* **WORK ORDER**
What follows is a set of records; restate each one word for word and drop the pictures.

**********

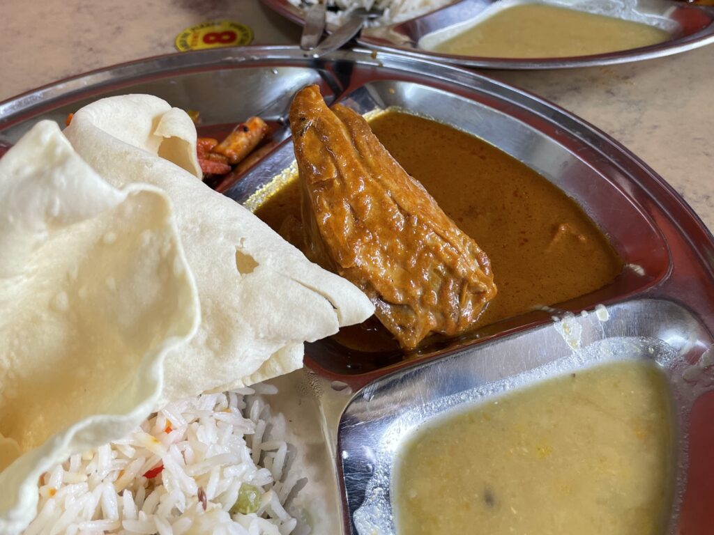 魚が入っているカレー。美味しい!!ただ複数人で来てシェアするのが良さそう。
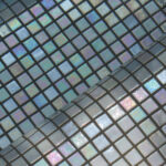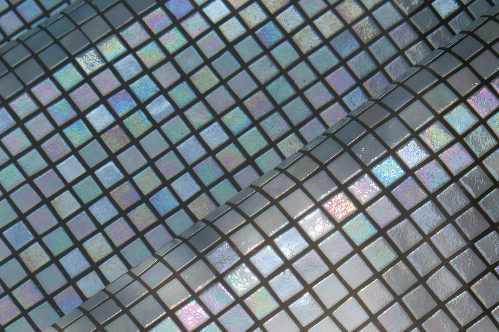Tussen de stukjes glas in, zitten kunststof puntjes. Dit zijn de verbindingen om het glas als een mozaïek bij elkaar te houden. Het grote voordeel hiervan ten opzichte van regulier glasmozaïek welke verwerkt zijn om matjes is dat de Iris | Cuarzo eenvoudig op maat te maken is in de verwerking.
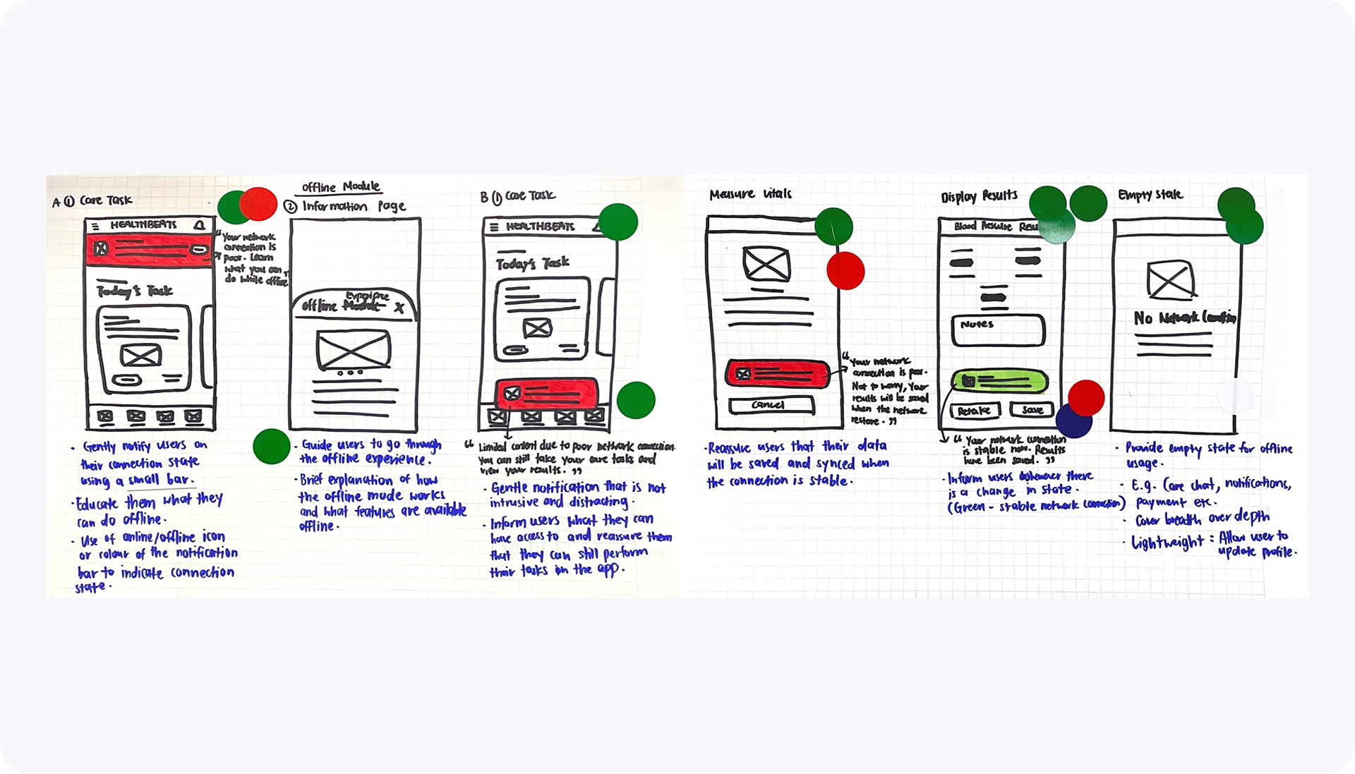 During concept sketching, we generated and organised ideas into clear user flows, using notes and quick sketches to communicate concepts. The team then voted on the solutions with the most impact to prioritise ideas for further development.
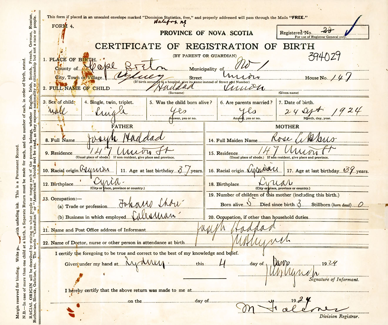 Female Birth Registration: Year: 1924 number: 39400029
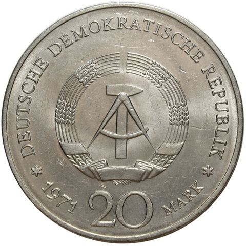 20 марок. 100 лет со дня рождения Генриха Манна. Германия-ГДР. Медноникель. 1971 год. AU

**********

* **WRITTEN REPLY**
 魚が入っているカレー。美味しい!!ただ複数人で来てシェアするのが良さそう。
Tussen de stukjes glas in, zitten kunststof puntjes. Dit zijn de verbindingen om het glas als een mozaïek bij elkaar te houden. Het grote voordeel hiervan ten opzichte van regulier glasmozaïek welke verwerkt zijn om matjes is dat de Iris | Cuarzo eenvoudig op maat te maken is in de verwerking.
 During concept sketching, we generated and organised ideas into clear user flows, using notes and quick sketches to communicate concepts. The team then voted on the solutions with the most impact to prioritise ideas for further development.
 Female Birth Registration: Year: 1924 number: 39400029
 20 марок. 100 лет со дня рождения Генриха Манна. Германия-ГДР. Медноникель. 1971 год. AU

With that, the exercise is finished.